In 2018, V. Chauhan et al. [125] proposed a valuable approach to the integrated design of PA plus BAW filter architecture in two different substrate technologies (epoxy/glass and SiCer). Using the LTCC and Si part of the SiCer substrate, a hybrid integration module embedded with passive components (resistor, inductor, capacitor) was proposed with short interconnections and reduced layout parasitics (Figure 18).

8. Conclusions

As a core component of the RF front-end, acoustic resonators/filters based on BAW technology will be widely used in base stations, automotive, electronics, radar, wireless communications.

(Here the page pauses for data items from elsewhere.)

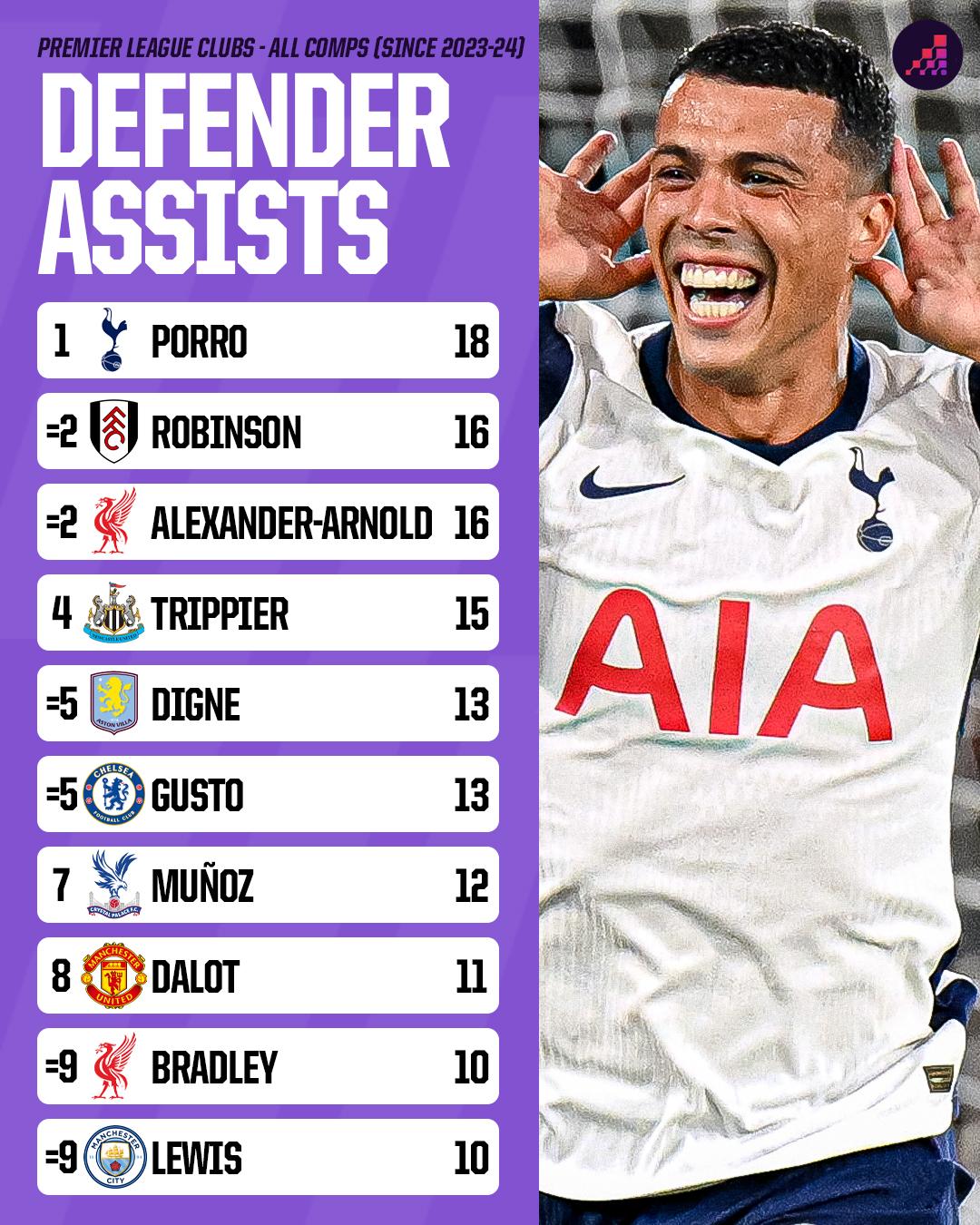 虎扑10月01日讯Opta数据统计自23/24赛季各项赛事中助攻次数最多的英超后卫,波罗18次居首。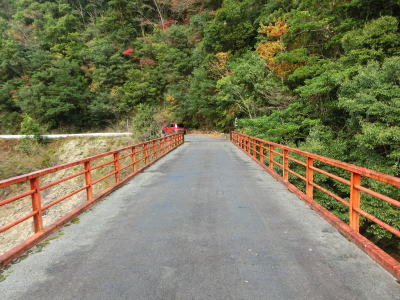 | 備後橋の南詰で備後川林道との交差点を道なりに右方向へ進む。左折の備後川林道を走ると終点からは塔谷林道が接続しており、最終的にR42の大又トンネルの西まで道路が続いている。ただし、塔谷林道はゲートで閉鎖されており、一般車両は通行できない。備後橋からもほとんど勾配のない狭路を走る。切り立った断崖ではないせいか落石も少なく路面も安定している。 | ||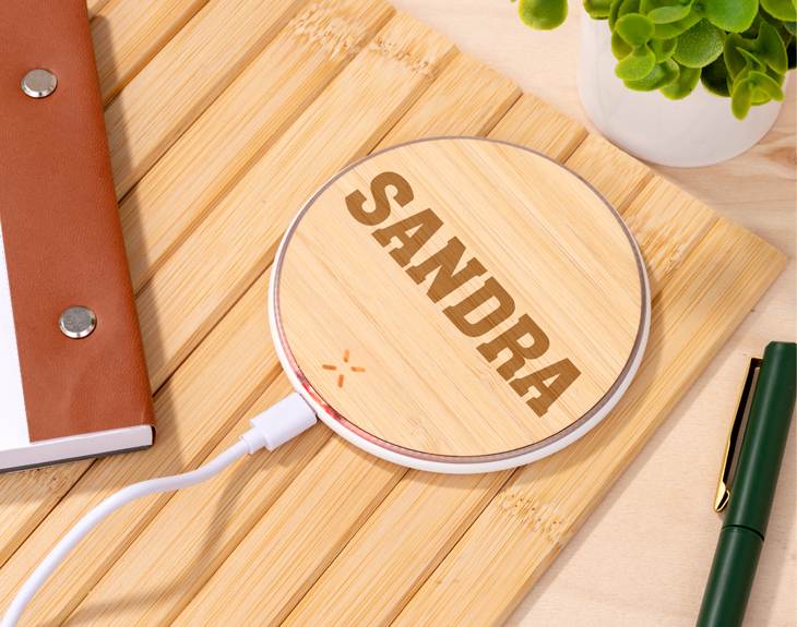 El cargador inalámbrico personalizado para los amantes del medio ambiente y de las cosas bien hechas. Solo tendrás que darnos el nombre que quieras y lo grabaremos para que puedas sorprender a esa persona tan especial. ¿Tienes un amigo o amiga que siempre te pide el cargador del móvil? ¡Este es el regalo perfecto! Tendrá el móvil siempre cargado allá donde esté. ¿Qué más puede pedir? Si es su cumpleaños dentro de poco o si, simplemente, te apetece darle una sorpresa original, este es el momento. Importante: es responsabilidad del cliente comprobar si su teléfono es compatible con el sistema de carga inalámbrica. Luz roja: correctamente conectado y listo para su uso. Luz azul: carga inalámbrica en curso. Diámetro: 9,5 cm. Distancia de funcionamiento: hasta 6mm. Entrada Micro USB: 5V-2A Salida carga inalámbrica: 5V-1A,5W Apto para todos los dispositivos móviles con tecnología Qi. Recomendamos retirar fundas y otros intermediarios entre el terminal y el cargador.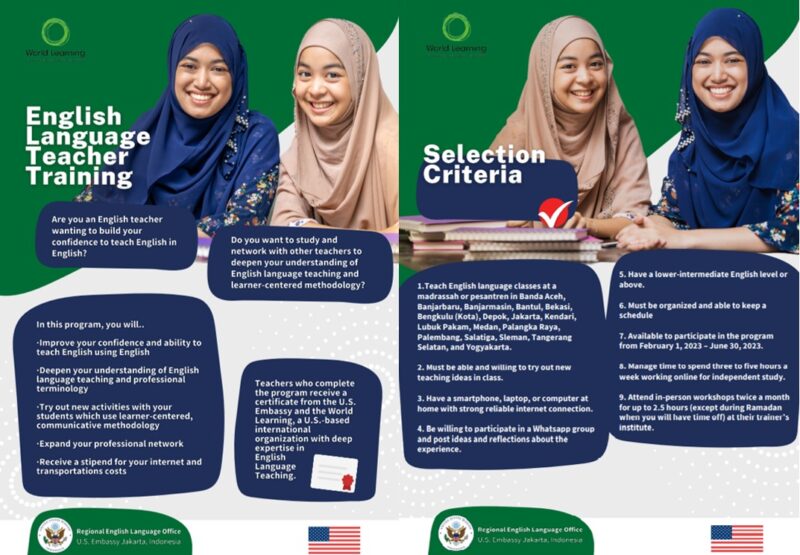 It is a collaboration between RELO, the World Learning, and islamic state universities (UINs/IAINs) in Indonesia. This will be the second ELTT Program held to date. You (or your colleagues) will complete two courses of the ELTeach program from the National Geographic Learning within a five-month schedule under the theme English for Teaching and Professional Knowledge for English Language Teachers. The participants will attend corresmponding workshops and apply the resulting learning practices in their class(es).

AlN-based BAW devices are still one of the best choices for Sub-6GHz due to their irreplaceable superiority in performance and manufacture.
In this review, the basic principle and key parameters of the BAW resonator have been described. The literature survey provides details on the different materials, design, and characteristics of the BAW resonator. High frequency, wide bandwidth, small size, and high-power capacity are the new challenges in 5G communication networks. It is difficult to complete a high-performance filter based on conventional BAW resonator technology. Doped AlN, single AlN, and LN are preferred materials to improve the inherent performance of the resonator. Research on resonator characteristics including spurious mode, temperature compensation, and tuning ability provide technical feasibility for high-performance, stable operation and application expansion of the filter. For mobile phone applications, integration of BAW devices could be an optional solution for miniaturization targets.

Author Contributions

Conceptualization, C.S.; writing—original draft preparation, Y.L. and Y.Z.; writing—review and editing, Y.L. and Y.C.; supervision, A.T. and S.L. All authors have read and agreed to the published version of the manuscript.

Funding

This work was supported by the Hubei Provincial Major Program of Technological Innovation (No. 2019AAA052) and National Natural Science Foundation of China (No. 61974107).

Conflicts of Interest

The authors declare no conflict of interest.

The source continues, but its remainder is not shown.